> EXERCISE GOAL
Set down, exactly and only, everything from the line containing "Si bien en el" down to the line containing "Dù đã qua Tết" in the data below; the pictures are not part of the copy.

> SUPPLIED MATERIAL
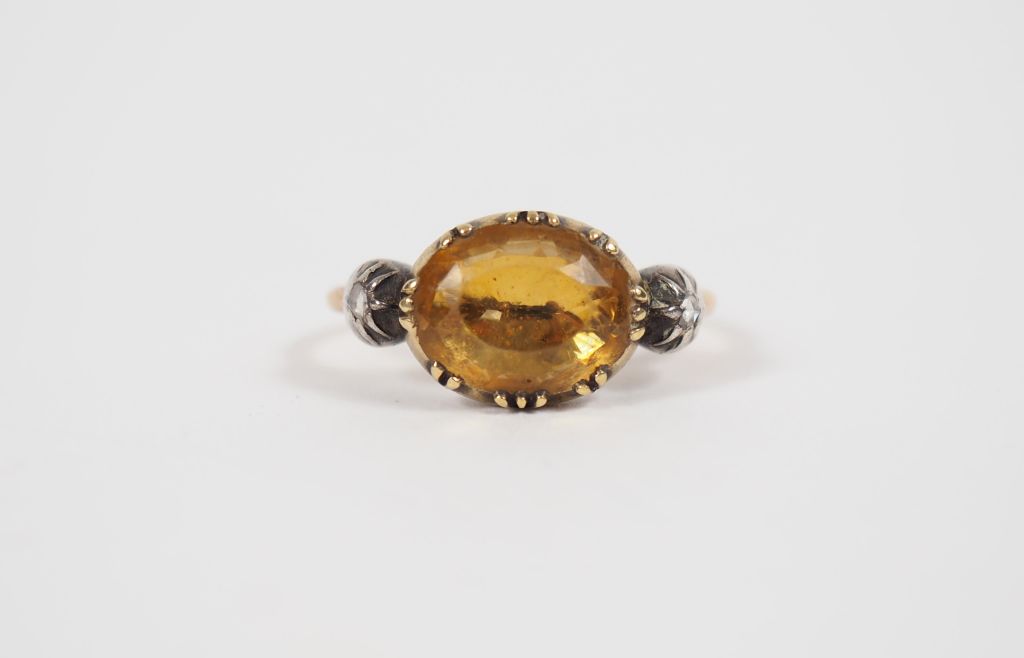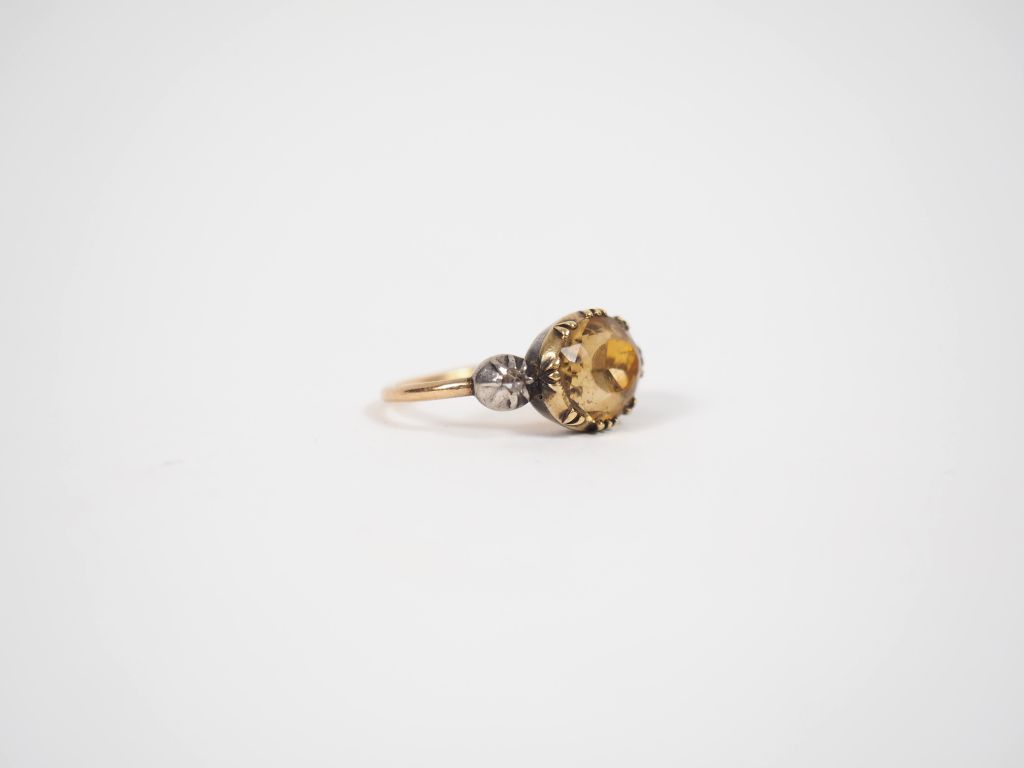 Bague en or jaune et argent, ornée en son centre d'une pierre jaune épaulé de deux petites roses. TDD. 55 Poids tel. 4,11 g
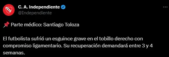 Si bien en el Rojo existía una gran preocupación por como se retiró el jugador del estadio, tras los estudios médicos se confirmó que Toloza sufrió un esguince grave en el tobillo derecho y, si bien tiene un compromiso ligamentario, no hay una lesión fuerte.
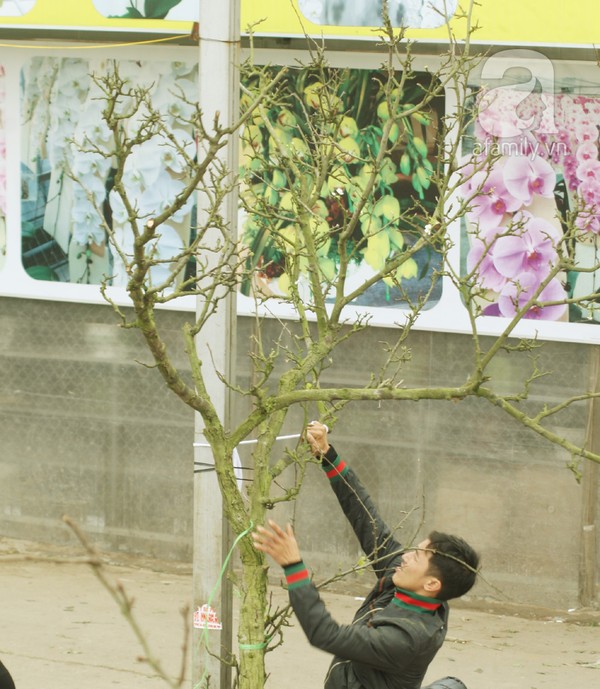 Dù đã qua Tết Nguyên đán nhưng người dân thủ đô vẫn chuộng hoa đào để trưng trong ngày rằm. Ngoài hoa đào, năm nay còn có thêm hoa lê .
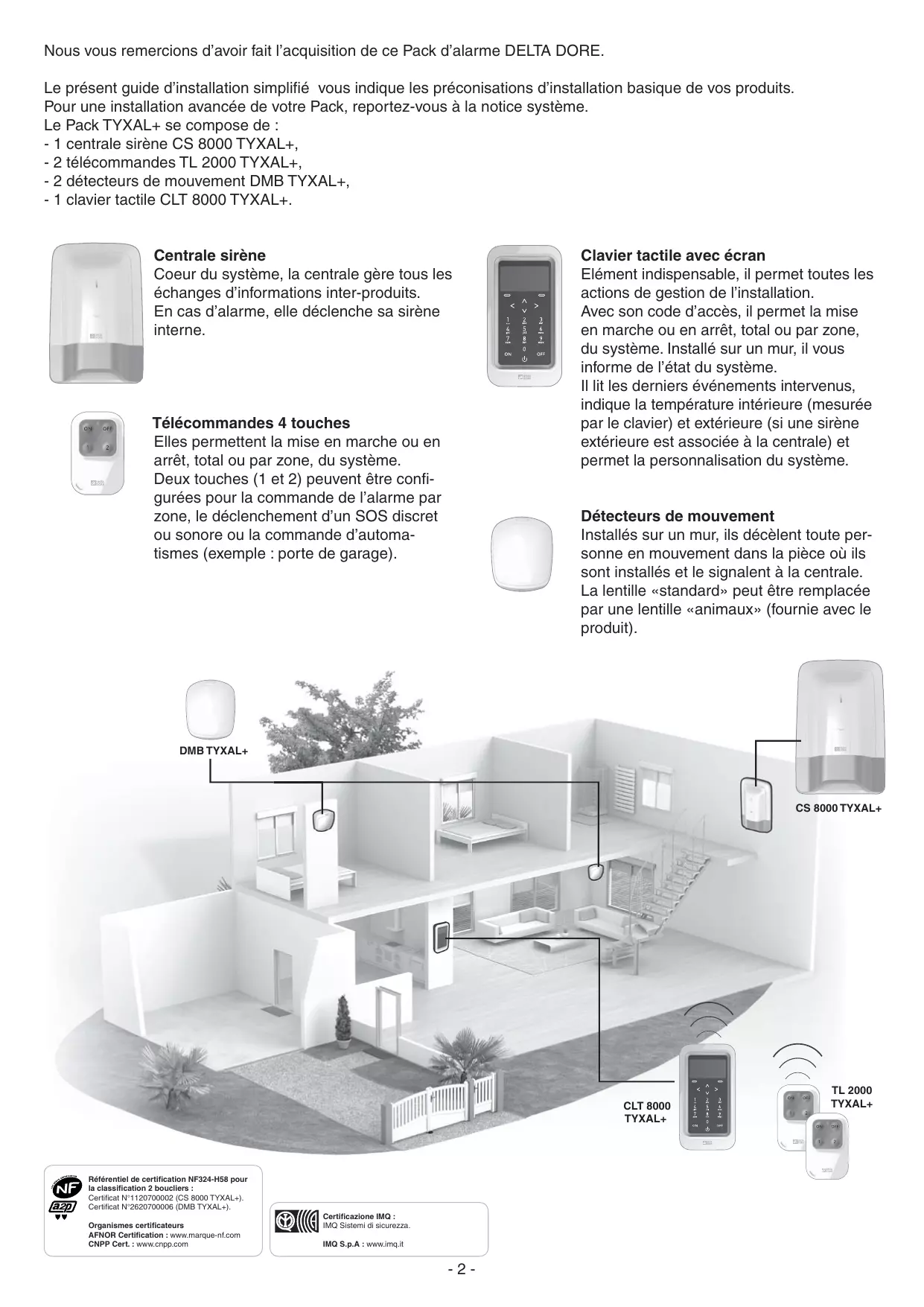 Pack TYXAL+ www.deltadore.com Guide d’installation simplifié Nous vous remercions d’avoir fait l’acquisition de ce Pack d’alarme DELTA DORE. Le présent guide d’installation simplifié vous indique les préconisations d’installation basique de vos produits. Pour une installation avancée de votre Pack, reportez-vous à la notice système. Le Pack TYXAL+ se compose de : - 1 centrale sirène CS 8000 TYXAL+, - 2 télécommandes TL 2000 TYXAL+, - 2 détecteurs de mouvement DMB TYXAL+, - 1 clavier tactile CLT 8000 TYXAL+. Centrale sirène Coeur du système, la centrale gère tous les échanges d’informations inter-produits. En cas d’alarme, elle déclenche sa sirène interne. Télécommandes 4 touches Elles permettent la mise en marche ou en arrêt, total ou par zone, du système. Deux touches (1 et 2) peuvent être configurées pour la commande de l’alarme par zone, le déclenchement d’un SOS discret ou sonore ou la commande d’automatismes (exemple : porte de garage). Clavier tactile avec écran Elément indispensable, il permet toutes les actions de gestion de l’installation. Avec son code d’accès, il permet la mise en marche ou en arrêt, total ou par zone, du système. Installé sur un mur, il vous informe de l’état du système. Il lit les derniers événements intervenus, indique la température intérieure (mesurée par le clavier) et extérieure (si une sirène extérieure est associée à la centrale) et permet la personnalisation du système. Détecteurs de mouvement Installés sur un mur, ils décèlent toute personne en mouvement dans la pièce où ils sont installés et le signalent à la centrale. La lentille «standard» peut être remplacée par une lentille «animaux» (fournie avec le produit). DMB TYXAL+ CS 8000 TYXAL+ CLT 8000 TYXAL+ Référentiel de certification NF324-H58 pour la classification 2 boucliers : Certificat N°1120700002 (CS 8000 TYXAL+). Certificat N°2620700006 (DMB TYXAL+). Organismes certificateurs AFNOR Certification : www.marque-nf.com CNPP Cert. : www.cnpp.com Certificazione IMQ : IMQ Sistemi di sicurezza. IMQ S.p.A : www.imq.it

> EXERCISE RESPONSE
 Si bien en el Rojo existía una gran preocupación por como se retiró el jugador del estadio, tras los estudios médicos se confirmó que Toloza sufrió un esguince grave en el tobillo derecho y, si bien tiene un compromiso ligamentario, no hay una lesión fuerte.
 Dù đã qua Tết Nguyên đán nhưng người dân thủ đô vẫn chuộng hoa đào để trưng trong ngày rằm. Ngoài hoa đào, năm nay còn có thêm hoa lê .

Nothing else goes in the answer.